AIM OF THE EXERCISE:
Begin with the opening line of the records and extract each line through the one holding "오늘의 중식 메뉴는 밥/크래미죽, 맑은순두부국, 제육볶음 등으로 준비되었어요!"; pictures are not part of the copy.
==== DATA FOR THIS EXERCISE
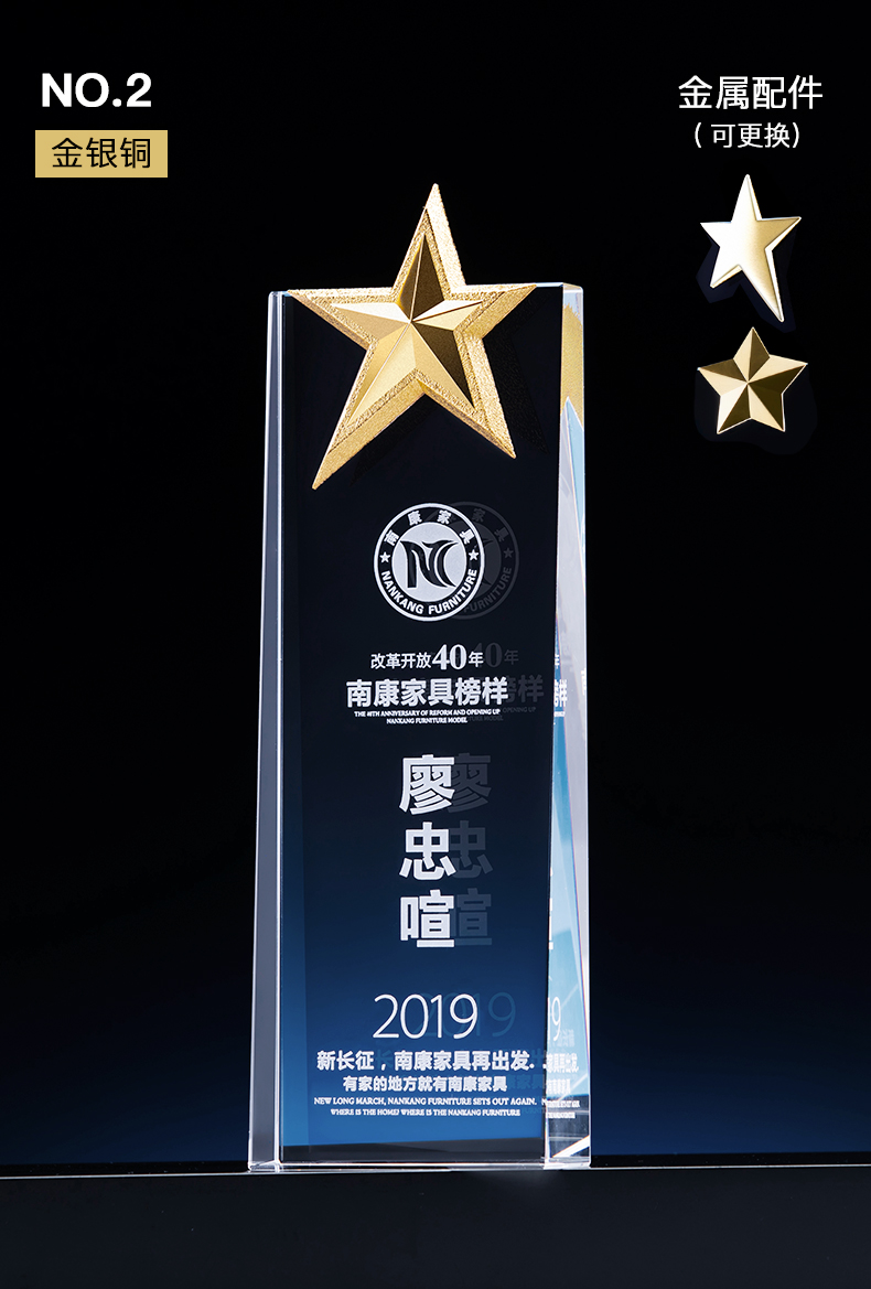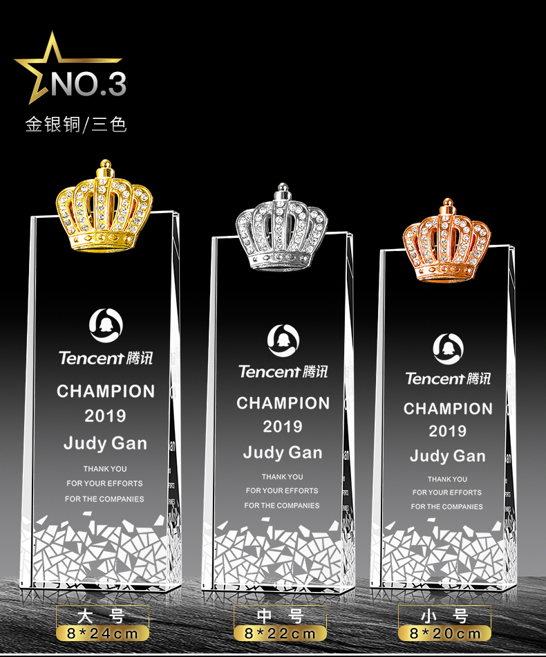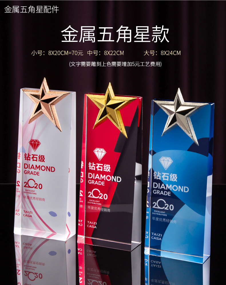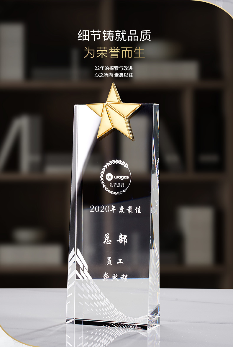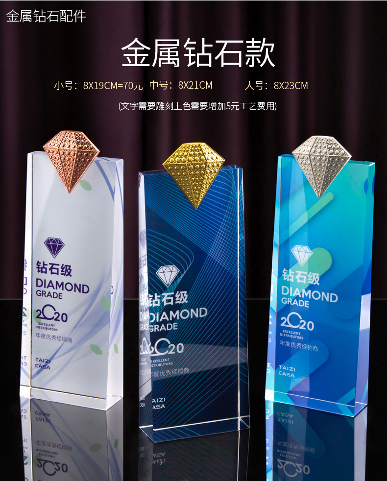 114 / 水晶奖杯定制作奖牌麦穗五角星钻石皇冠定做银行保险员工年会刻字
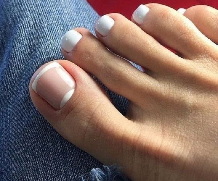 Еще один дизайн, который уже несколько лет подряд не теряет популярности. Френч одинаково успешно применяется для создания стильного маникюра, а также педикюра на женских ногах.
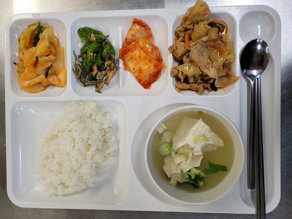 오늘의 중식 메뉴는 밥/크래미죽, 맑은순두부국, 제육볶음 등으로 준비되었어요!
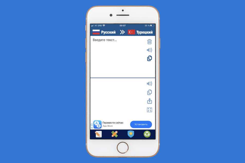 Это не только русско-турецкий переводчик и разговорник — можно выбрать любой другой язык для перевода на турецкий. Как обещает разработчик, после покупки версии Pro за 749 рублей отключатся все ограничения и реклама, откроется возможность ввода текста голосом. Приложение автоматически записывает историю переводов, что позволяет сэкономить время.
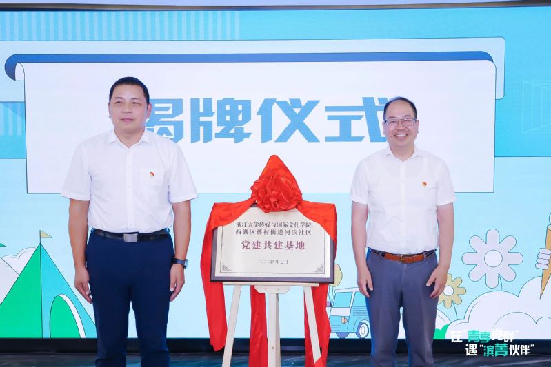 7月18日,“青享集”蒋村街道河滨未来社区168足球-168体育 党建共建基地揭牌暨党群专业化服务集成供给“滨菁伙伴”成团仪式在蒋村街道河滨社区党群服务中心顺利举办。杭州市委组织部党员教育中心(党群服务中心)副主任徐宽,西湖区委组织部部务会议成员、区委直属机关工委副书记鲍海英,168足球-168体育 党委书记、副院长王庆文,蒋村街道正处级组织员、二级调研员蔡伟红,中国湿地博物馆党组书记、馆长章丹红,咪咕数字传媒有限公司党建工作部主任徐韧泽,168足球-168体育 师生代表等参加活动。
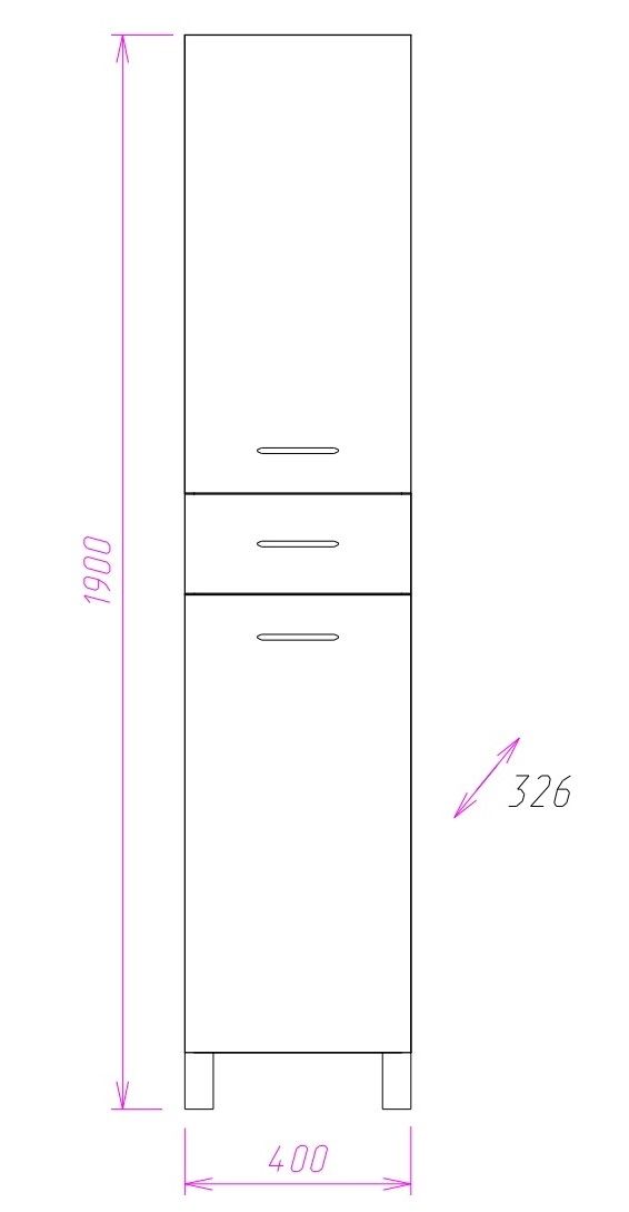 Размер пенала с ножками: 40х33х190 см.
========
SOLVED PROBLEM:
 114 / 水晶奖杯定制作奖牌麦穗五角星钻石皇冠定做银行保险员工年会刻字
 Еще один дизайн, который уже несколько лет подряд не теряет популярности. Френч одинаково успешно применяется для создания стильного маникюра, а также педикюра на женских ногах.
 오늘의 중식 메뉴는 밥/크래미죽, 맑은순두부국, 제육볶음 등으로 준비되었어요!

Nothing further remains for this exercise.